You can use this to perform arbitrary operations along each window. It’s also really helpful for prototyping complex windowed operations, because you can see exactly what’s going on in each slice.

Next, for each slice, we can stack the site and window dimension, to get all the observations you’d like for each regression in one vector:

In [5]: stacked = rolled.stack(obs=("window", "site"))

In [6]: stacked
Out[6]:
<xarray.Dataset>
Dimensions:  (time: 1096, obs: 550)
Coordinates:
  * time     (time) datetime64[ns] 2018-01-01 2018-01-02 ... 2020-12-31
  * obs      (obs) MultiIndex
  - window   (obs) int64 0 0 0 0 0 0 0 0 0 0 0 ... 10 10 10 10 10 10 10 10 10 10
  - site     (obs) int64 0 0 0 0 0 0 0 0 0 0 0 0 0 2 2 2 2 2 2 2 2 2 2 2 2 3
Data variables:
    x        (time, obs) float64 nan nan nan nan nan ... 81.0 136.0 194.0 303.0
    y        (time, obs) float64 nan nan nan nan nan ... 470.0 300.0 329.0 310.0

Now that we have this, we can wrap your regression function so it accepts and returns a Dataset.
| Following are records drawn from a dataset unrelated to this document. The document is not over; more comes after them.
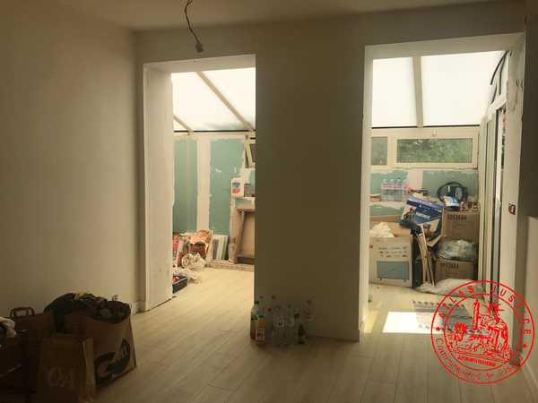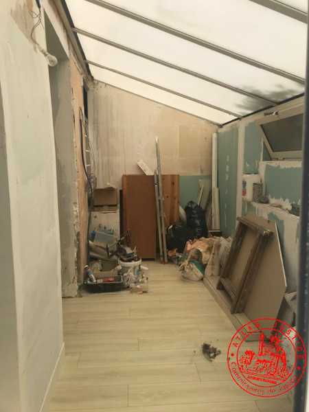 Au 1er étage, depuis le dégagement, côté gauche, accessible par une aire (courette et véranda) de 14 m² environ et comprenant : séjour en entrant avec cuisine semi-ouverte, chambre, salle d’eau avec w.-c. Avec une CAVE - Occupé
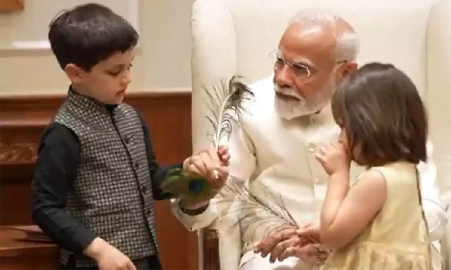 அமெரிக்க துணை ஜனாதிபதி குழந்தைகளுக்கு மயில் இறகுகளை பரிசளித்த பிரதமர் மோடி
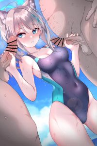 海で水着シロコが手コキして顔射されちゃう♡
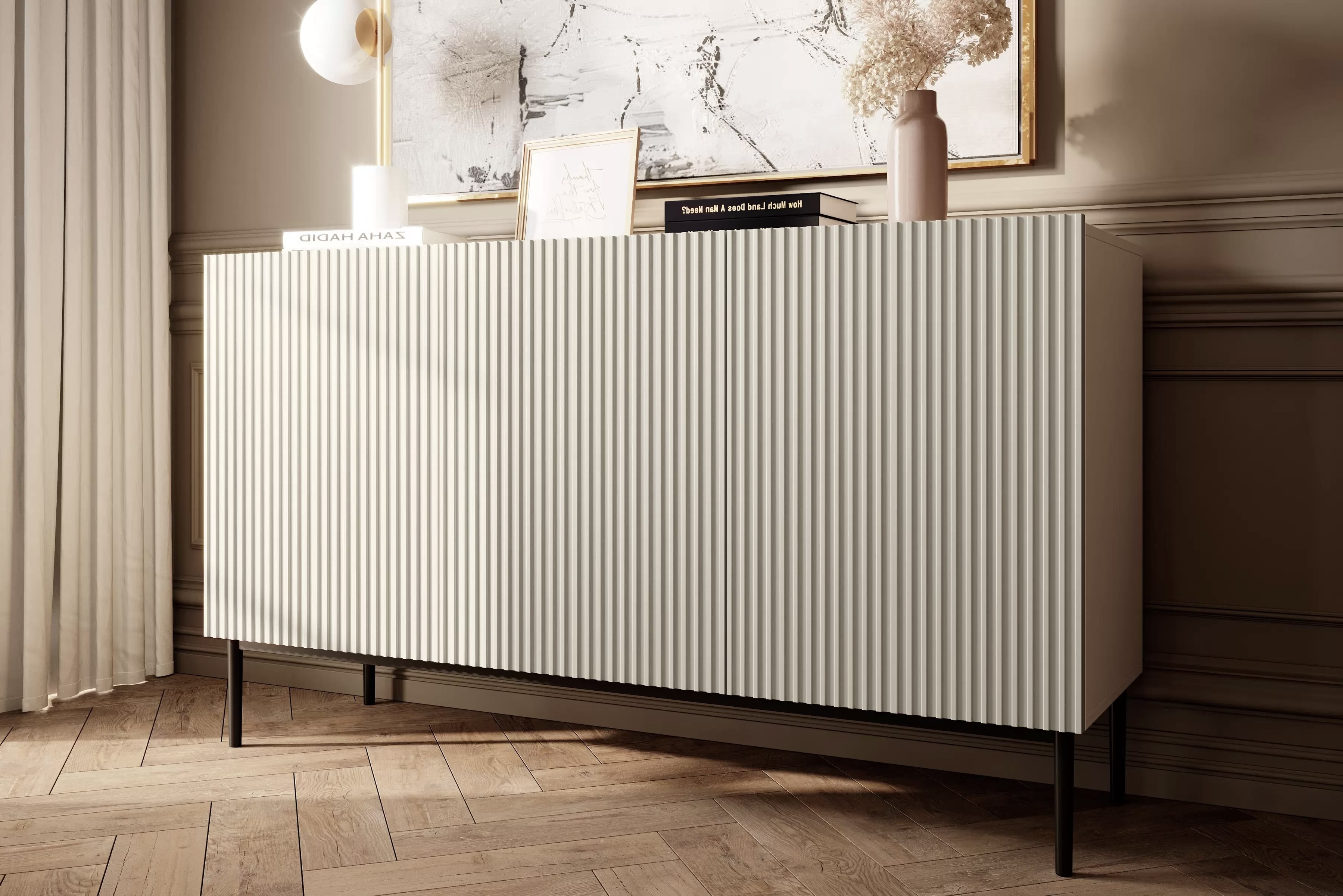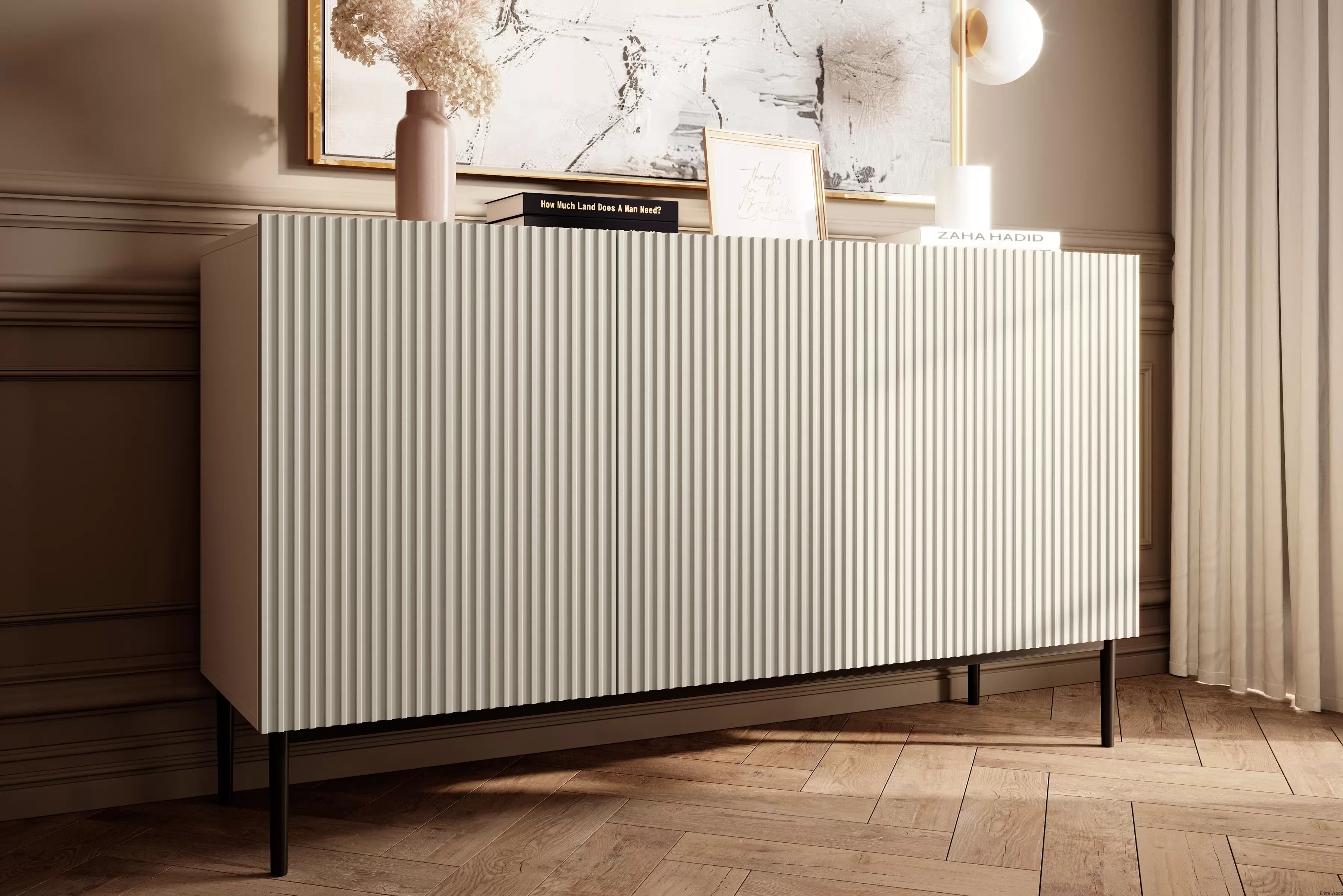 Poszukujesz mebla, który połączy funkcjonalność z niebanalnym designem? Komoda Nicole 150 cm z ryflowanym frontem i metalowymi nogami to rozwiązanie, które spełni wszelkie Twoje oczekiwania.
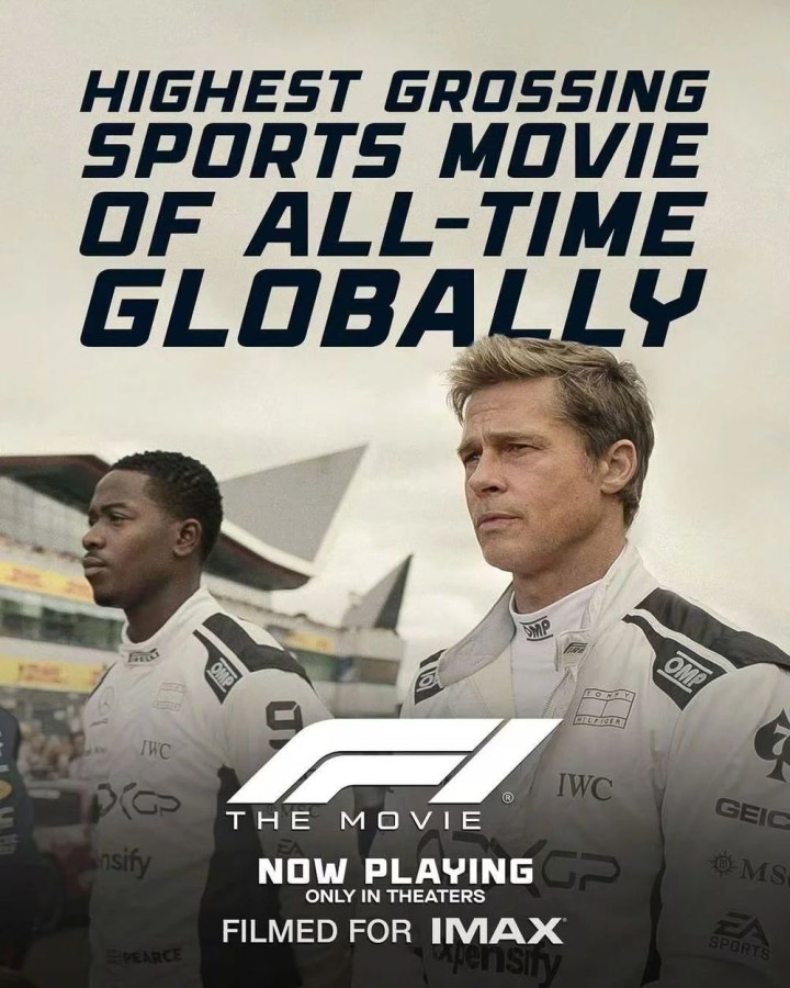 华纳兄弟宣布:《F1:狂飙飞车》成为影史全球总票房最高的体育电影。
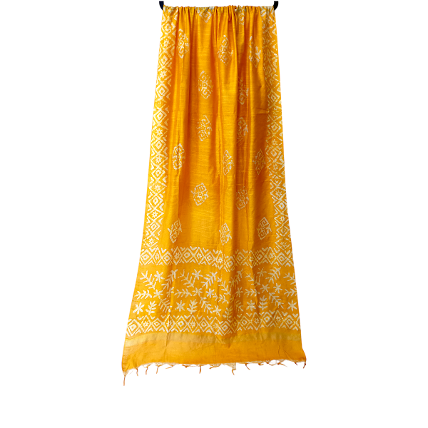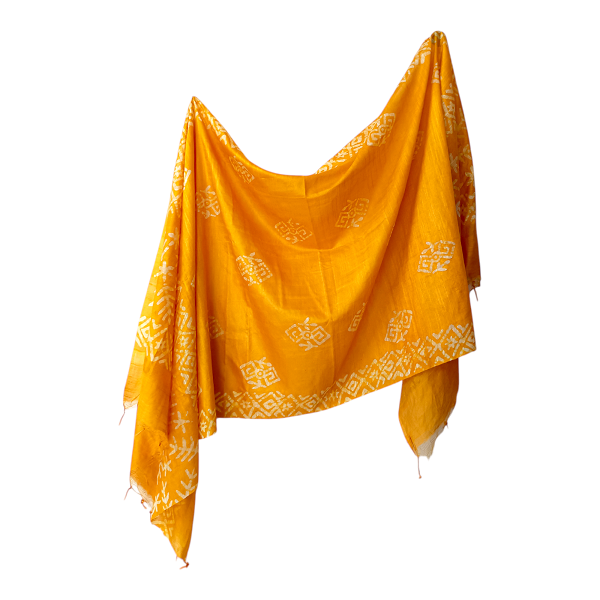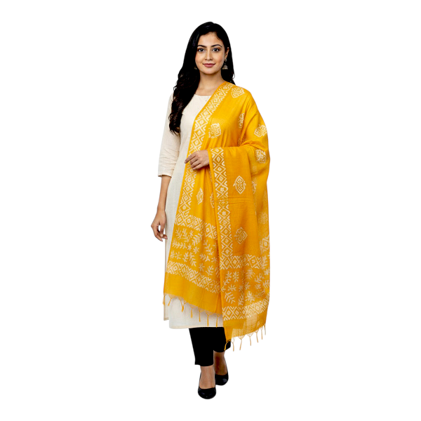 Home Dupatta Yellow Batik Print Linen Cotton Regular Wear Dupatta Full Casual Daily Use Chunni For Women and Girls Length 2.25m Width 70cm
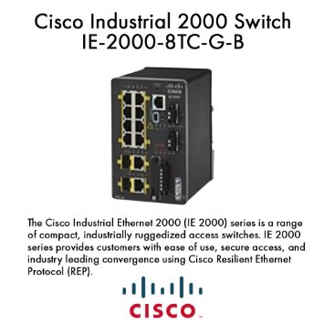 El 2000 (2000 IE) de la serie Cisco Industrial Ethernet es una gama de conmutadores de acceso compactos, robustos industrialmente. IE serie 2000 ofrece a los clientes la facilidad de uso, acceso seguro, y líder en la industria de convergencia mediante el protocolo de Ethernet resilientes Cisco (REP). Varias industrias como la automotriz, el petróleo y el gas, la minería, el transporte y las empresas de energía están requiriendo cada vez toda redes basadas en IP en sus áreas de producción. Las adiciones IE 2000 han sido diseñados para soportar la conectividad de capa de acceso y para satisfacer las crecientes necesidades de seguridad, voz y tráfico de vídeo a través de redes industriales.
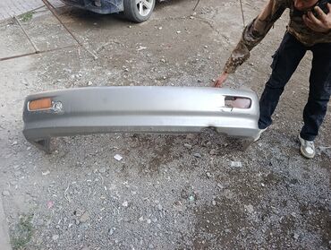Задний бампер для легкового автомобиля, серебристый (металлик).
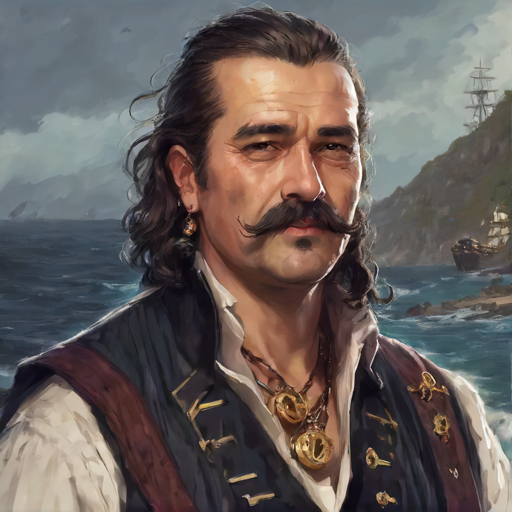 dutch, Pirate captain, fat and strong, (smiling:0.4), gold jewelry, dark brown eyes, greying hair, long black mustache, (colorful:0.5) clothing, black vest, coast background, digital art
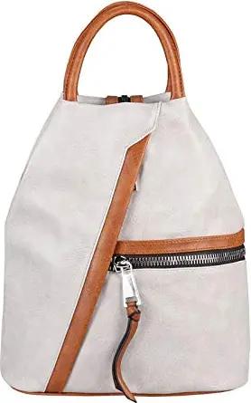 Damen Rucksack Tasche Schultertasche Leder Optik Daypack Backpack Handtasche Tagesrucksack Cityrucksack Grau-Braun

I’ll add a new dimension coeff because slope is a vector (you could alternatively just grab the scalar slope with slope.item() and skip the extra dim):

def ransac_fit_xr(ds, **ransac_kwargs):
    xi, yi = ds.x.values.ravel(), ds.y.values.ravel()
    mask = (~np.isnan(xi))
    # you could apply your masking rule here if you'd like:
    # if mask.sum() < len(mask) / 2:
    #     return xr.Dataset({"slope": (("coeff", ), [np.nan]), "b": np.nan})
    xi, yi = xi[mask], yi[mask]
    slope, b = ransac_fit(xi, yi, **ransac_kwargs)
    return xr.Dataset({"slope": (("coeff", ), slope), "b": b})

Now, we can loop over the elements of time to build our regression results:

In [22]: results = []
    ...: for i in stacked.time.values:
    ...:     results.append(ransac_fit_xr(stacked.sel(time=i, drop=True)))
    ...: res_ds = xr.concat(results, dim=stacked.time)

In [23]: res_ds
Out[23]:
<xarray.Dataset>
Dimensions:  (time: 1096, coeff: 1)
Coordinates:
  * time     (time) datetime64[ns] 2018-01-01 2018-01-02 ... 2020-12-31
Dimensions without coordinates: coeff
Data variables:
    slope    (time, coeff) float64 -0.1954 0.3 -0.0878 ... -0.1385 0.05444
    b        (time) float64 413.6 303.5 366.0 271.4 ... 342.1 256.4 362.8 303.

This runs reasonably quickly. A persistent challenge I have with sklearn’s estimators is there is no good way to run tensor regressions, where you want to pass in an array of arguments, run the regression along some subset of the dimensions, and then receive an array of outputs. xarray’s polyfit does do this, but you currently can only run polynomial regressions. So if you have something more complex like your RANSACRegressor, you have to accept the performance hit of an outer loop. You could speed this up by parallelizing it with map_blocks if you’d like.

Answered By: Michael Delgado
rolled = ds.rolling(time=11, center=True).construct("window")

slps, bs = xr.apply_ufunc(
    ransac_fit,
    rolled['x'],
    rolled['y'],
    input_core_dims=[['window'],['window']],
    output_core_dims=[[],[]],
    vectorize=True,
    dask='parallelized',
)

This is the way that comes out by creating a 3rd dimension (window) using rolling function, then using apply_ufunc to broadcast dimensions of site and time.